Lemon cake with labneh and orange blossom water
There are cakes that I simply cannot refuse. Diet or feeling full or not: lemon cake is always good. And if the cake is really well made and mega moist, more than just one slice is devoured quickly. What makes my cake particularly moist? You've probably already noticed it in the title - there's a good portion of fresh labneh in this lemon cake. I'll tell you why this cake also makes me think of homemade lemonade in a moment.
Baking with labneh - to make it nice and juicy.
Even though I still love labneh best in the classic way with a lake of olive oil and a good pinch of za'atar and fresh pita bread - you can actually bake fantastically with the stuff too! With labneh in the batter, you save the pinch of salt in the cake and also add a lovely fresh acidic note to the batter. The fact that labneh is made from high-fat yoghurt certainly won't hurt a juicy cake 😉
Labneh adds another fresh note to the lemon cake and makes it even juicier because of its fat content. But can you really taste the cream cheese? I can't really tell you. I gobble the cake pieces down my throat like a hungry gander and then hiss for more... all joking aside: I don't think you can taste it directly. But indirectly through the fluffy juiciness of the lemon cake.
Lemon cake that tastes like lemonade
When I developed the recipe for this lemon cake, I had the taste of my mother's homemade lemonade on my tongue. I love the wonderfully fresh taste of lemonade and how quickly you can make it. The same goes for the cake. As in the lemonade, the main tones are: lemon, sweet and orange blossom water. So the classic lemon cake always gets a little "lemonade shower" in my house, which makes the sponge cake that much juicier again and gives it a super special aroma. Super refreshing and yet a "little" calorie sin.

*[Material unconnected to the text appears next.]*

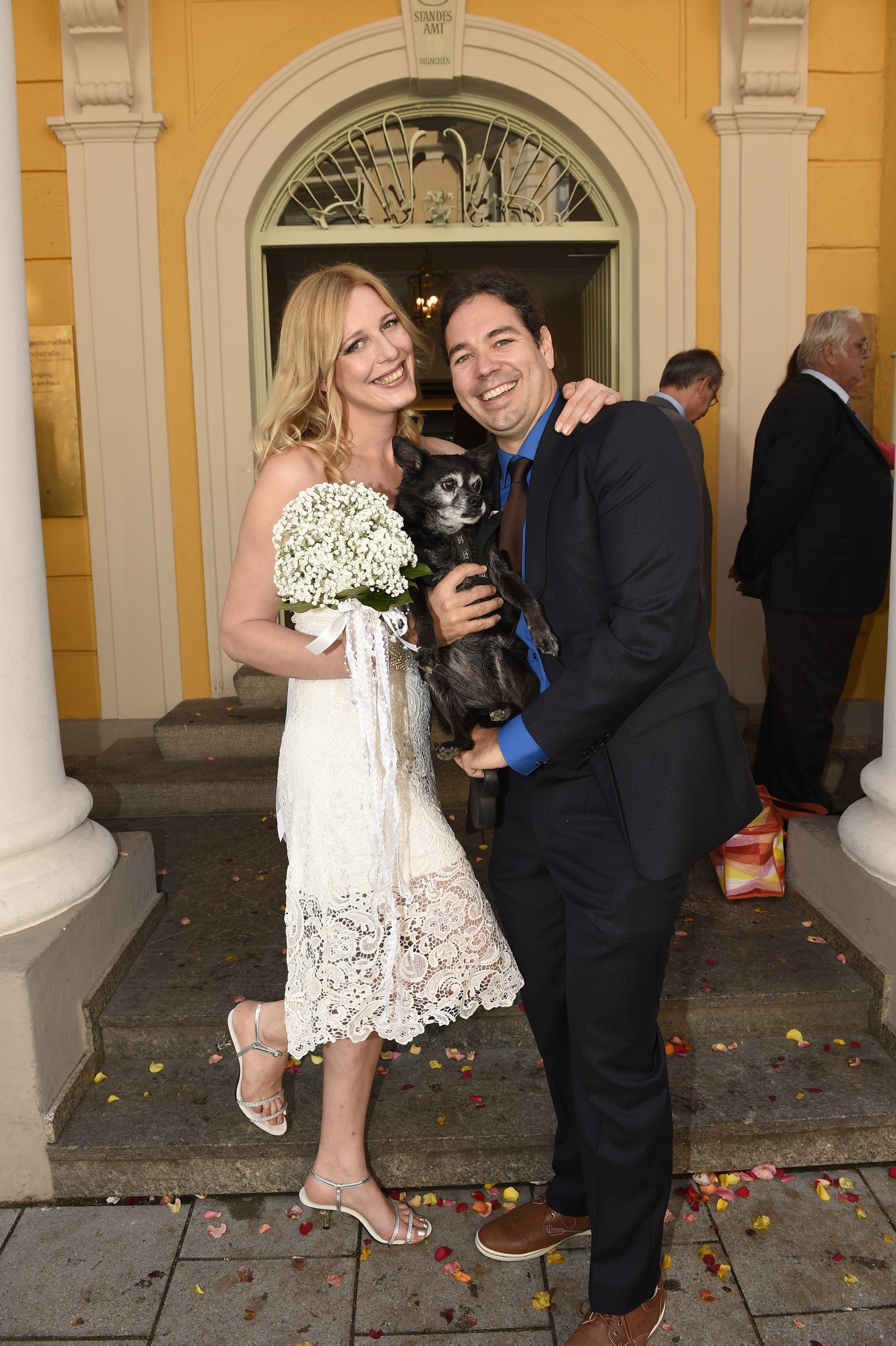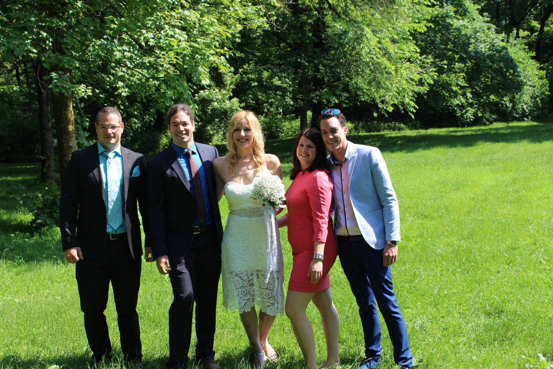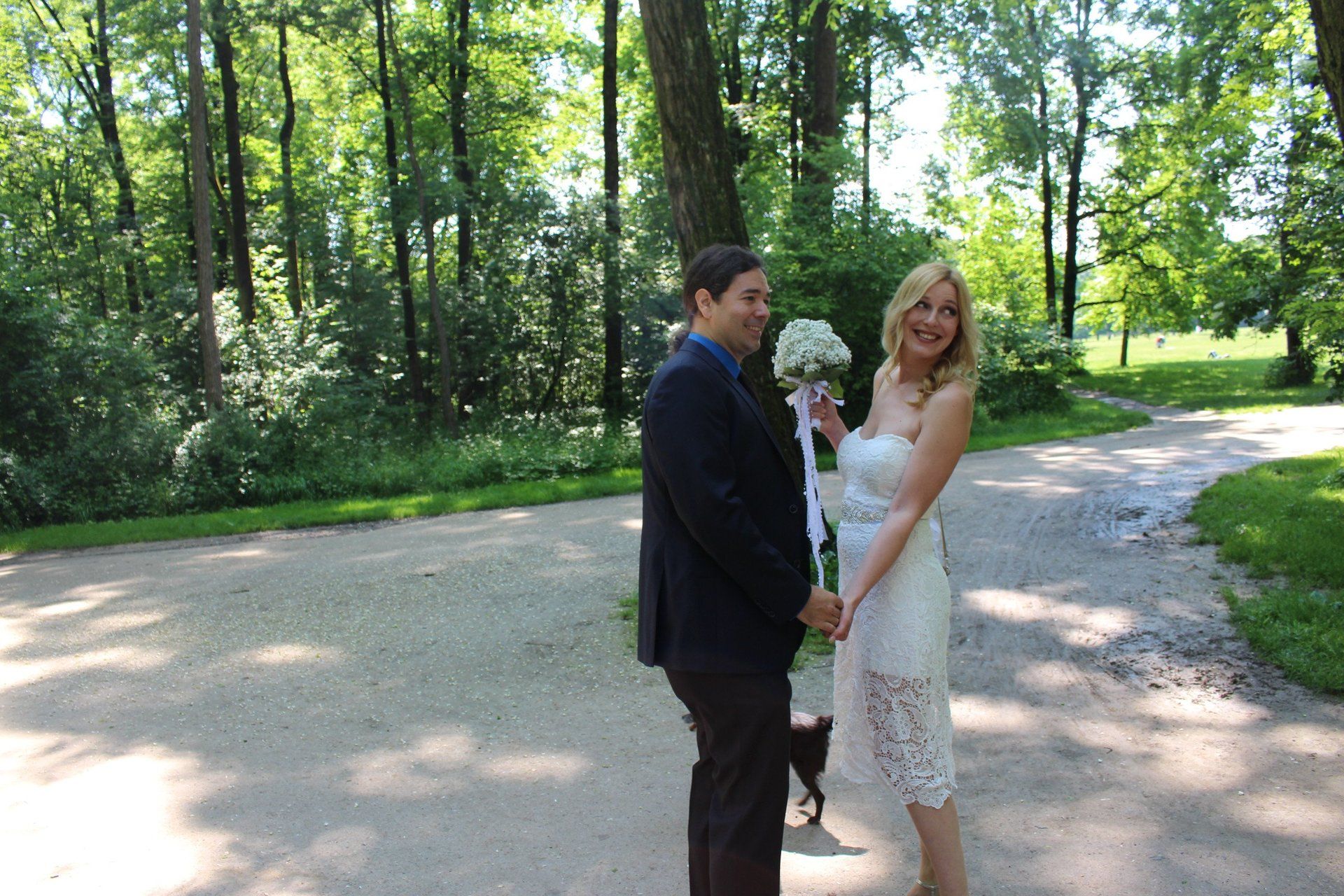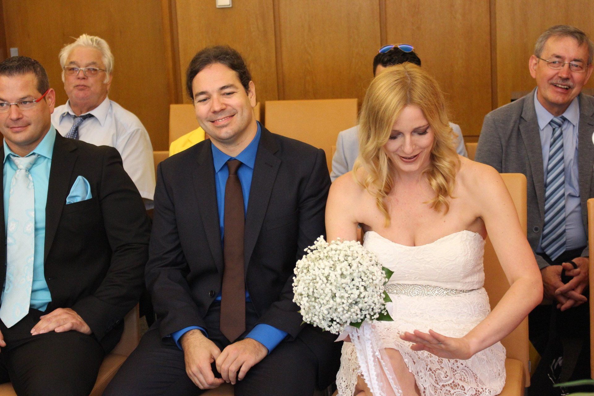 Unsere standesamtliche Trauung war sehr schön... Nur wir zwei, unser Hundekind Coco, unsere Trauzeugen und die Familie waren dabei. Wir hatten einen fabelhaften Tag mit strahlenden Sonnenschein am 06.06.16. Nach der Trauung sind wir in den englischen Garten spaziert,bei herrlichem Sonnenschein. Natürlich gab es Champagner zum Antsossen. Gefeiert haben wir dann in einem hübschen, kleinen Biergarten.

Recipe for juicy lemon cake with labneh
- Pastry brush
- 200 g Butter room temperature
- 150 g Sugar
- 4 Eggs
- 2 Lemons (grated) Organic
- 1 TBSP Lemon juice
- 100 g Labneh according to recipe
- 230 g Flour
- 50 g ground almonds
- 4 TSP Baking powder
- 120 ml Lemon juice Equivalent to approx. 1 - 1.5 large lemons
- 60 g Sugar
- 4 TSP Orange blossom water
- 120 g Powdered sugar
- 1 TSP Orange blossom water
- 3 TSP Lemon juice
- 3 TL Water
- 20 g chopped pistachios
- Preheat the oven to 170 °C.
- Wash the lemons thoroughly and grate the zest. Then squeeze out the juice (will be needed later).
- Mix flour with baking powder and ground almonds.
- Beat the sugar with the butter until creamy.
- Add the eggs one by one and continue mixing.
- Add the labneh, lemon juice and lemon zest and continue to blend.
- Gradually add the flour mixture and mix briefly to form a smooth dough.
- Grease the loaf tin, pour in the dough and smooth it down.
- Bake the lemon cake for approx. 45 minutes in the preheated oven. Check the dough at the end: Stick a wooden stick/knife into the cake and see if any dough sticks when you pull it out. If raw dough sticks, please let it bake for a few more minutes.
- Mix the lemon juice with the sugar and orange flower water until the sugar has dissolved.
- While the cake is still warm, poke many small holes with a chopstick and brush the lemon sauce over the cake until it is all absorbed.
- Allow the cake to cool completely and then remove from the baking tin.
- Mix the icing sugar with the remaining ingredients until creamy, but still a little count.
- Pour the icing over the cake and spread.
- Optionally garnish with chopped pistachios.
Be sure to try the cheesecake with za'atar, the tahini buns, the juicy date cake, the chocolatey babka or the chocolate tart with pistachio cream.
Am rather accidentally stumbled on the blog when I googled for "Zatar". Am blown away by the Manakish and if I had not just baked plum cake now, the lemon cake would be up. Great blog with lots of inspiration! Is directly in my feedreader gwandert.